Allan Moffat Racing was at various times the official factory team for Ford and Mazda in Australian touring car motor racing as well as racing Holdens and Chevrolets. The team also raced cars in other categories like Sports Sedans. Founded in the mid-1960s to support Moffat's touring car racing efforts, the team was closely aligned with Ford Australia's in-house racing team until it was wound up in 1973 (Moffat doubled as the works team's lead driver primarily driving GTHO Falcons). Moffat's early success with the team included running the Trans-Am Ford Mustang he was given as a gift from Ford's American 'in-house' race car fabrication and engineering facility "Kar Kraft", with the car finished by Bud Moore Engineering. With this car Moffat and his team won an incredible 101 of the 151 events entered, though surprisingly he was not able to secure the Australian Touring Car Championship with the Mustang, losing out twice to the Chevrolet Camaro ZL-1 of Bob Jane in 1971 and 1972.

Ford withdrew its factory team from motor racing after 1973 (during which time Moffat won his first ATCC and the first Bathurst 1000 for the factory team) and Allan Moffat Racing became the leading Ford team in Australian touring car racing, with Moffat winning the ATCC in 1976 and 1977, as well as the famous 1–2 win in the 1977 Hardie-Ferodo 1000 at Bathurst when he was partnered by multiple 24 Hours of Le Mans winner Jacky Ickx. During this time, Moffat also raced in the Australian Sports Sedan Championship, winning the inaugural national title in 1976 driving both a Ford Capri RS3100 and (in a shock to Ford fans), a DeKon built Chevrolet Monza.

By 1977, Ford was giving backdoor assistance to the team for its touring car efforts, but once again pulled out of racing at the end of 1978. This saw the team privately enter Falcons in both the 1979 and 1980 Bathurst 1000's. Moffat also continued to race his Monza in Sports Sedans to some success.

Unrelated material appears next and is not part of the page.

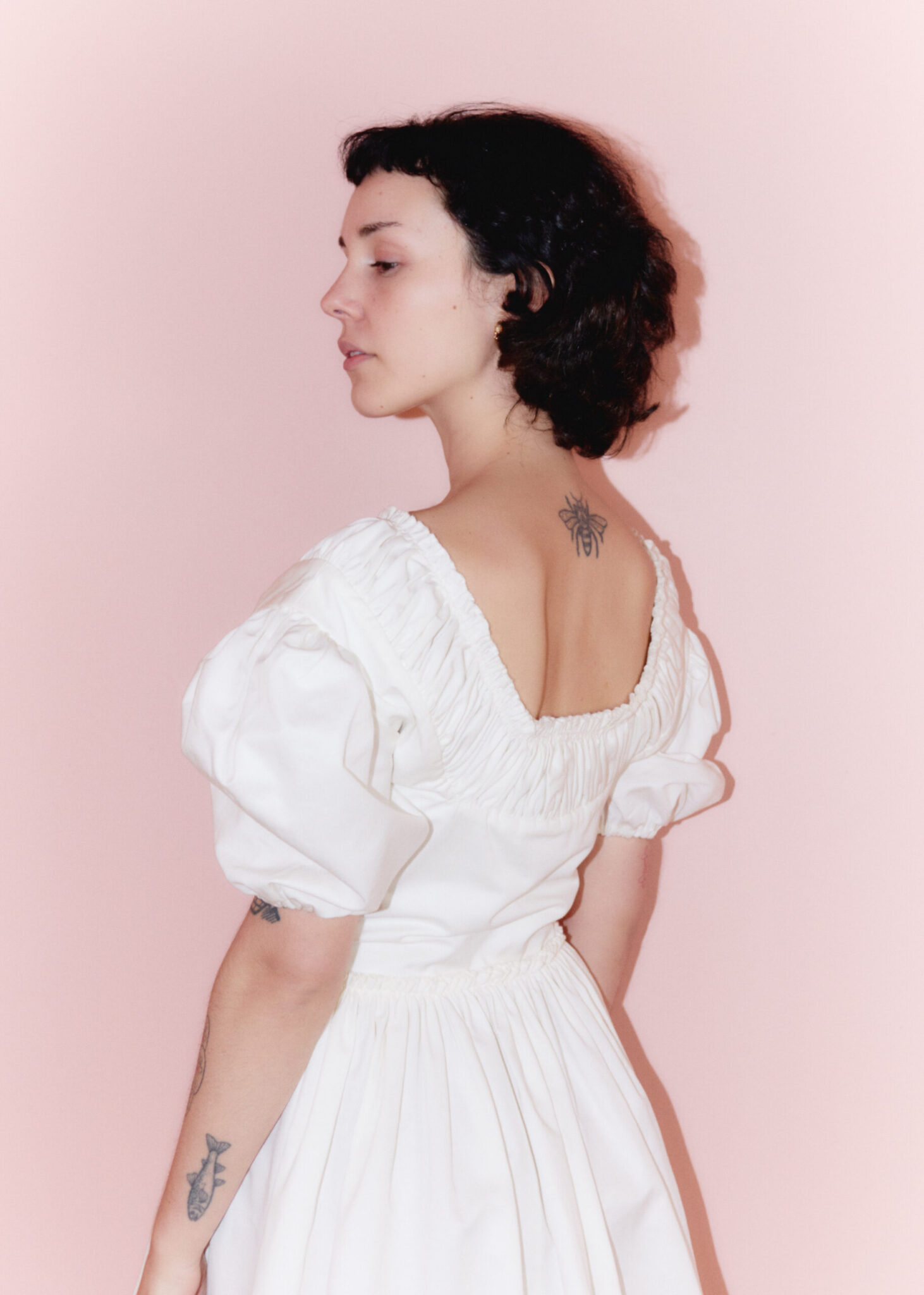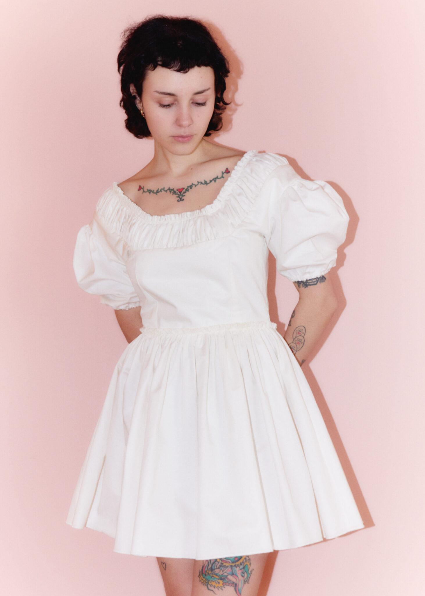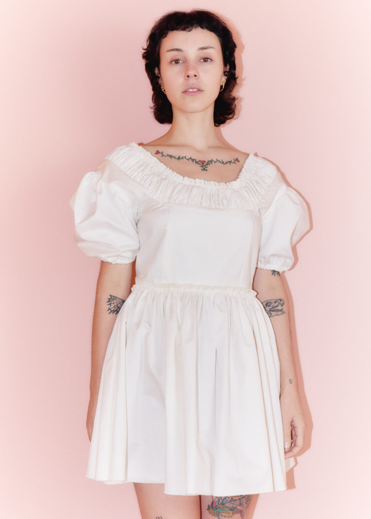 Anemone’s Mini Dress features puffy sleeves and a beautiful ruffled neckline.
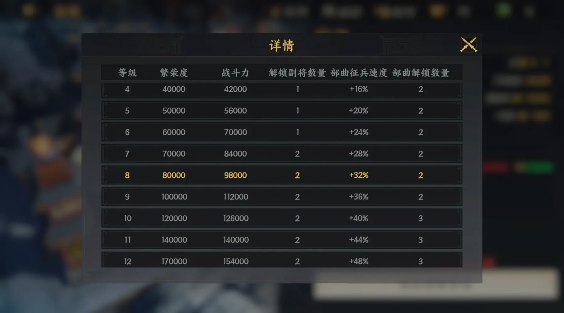 校场也同步升至10级,解锁第三只编队部曲,可更好推进破贼平寇章节,获取更多武将技能经验奖励。

Following Ford's decision to withdraw from Australian motorsport, in 1981 Allan Moffat Racing became the factory Mazda team racing the RX-7 until 1984. Although there were accusations that the RX-7 was a sports car and not a touring car (including Moffat's former Works Team boss, Howard Marsden, who by the 1980s led Nissan's racing program in Australia), Moffat was able to win the 1983 ATCC (his 4th and last title) as well as finishing second at Bathurst in 1983 and third in 1984, the last year of the locally developed Group C Touring Car rules. Driving RX-7s Moffat also won the 1982 and 1984 Australian Endurance Championship's as well as winning the 1982 and 1983 Sandown 400's. Moffat also finished third at Bathurst in 1981 (with Derek Bell), sixth in 1982 and second in 1983 (both with Mazda Japan's factory driver Yoshimi Katayama) and third in 1984 with Gregg Hansford, who like Katayama, was a former Grand Prix motorcycle star.

1984 was a tough year for Allan Moffat Racing. Moffat only finished 9th in that years ATCC after a horror crash in Round 4, at Surfers Paradise, in the wet after colliding with the Ford XD Falcon of Garry Willmington at the end of the main straight, which sent the Moffat Mazda off the track at high speed. The car hit a tree stump (hidden by grass) which saw Moffat suffer a broken hand, a fractured sternum and heavy bruising. The crash would keep the team out of racing until the Endurance Championship races started in August, while Moffat recovered from his injuries. At the time of his crash, Moffat had been sitting 3rd in the ATCC (behind Peter Brock, who would miss two rounds while racing at Le Mans, and eventual champion Dick Johnson) after a 3rd at Sandown, DNF at Symmons Plains and a win at Wanneroo and still considered the favourite to retain his 1983 title.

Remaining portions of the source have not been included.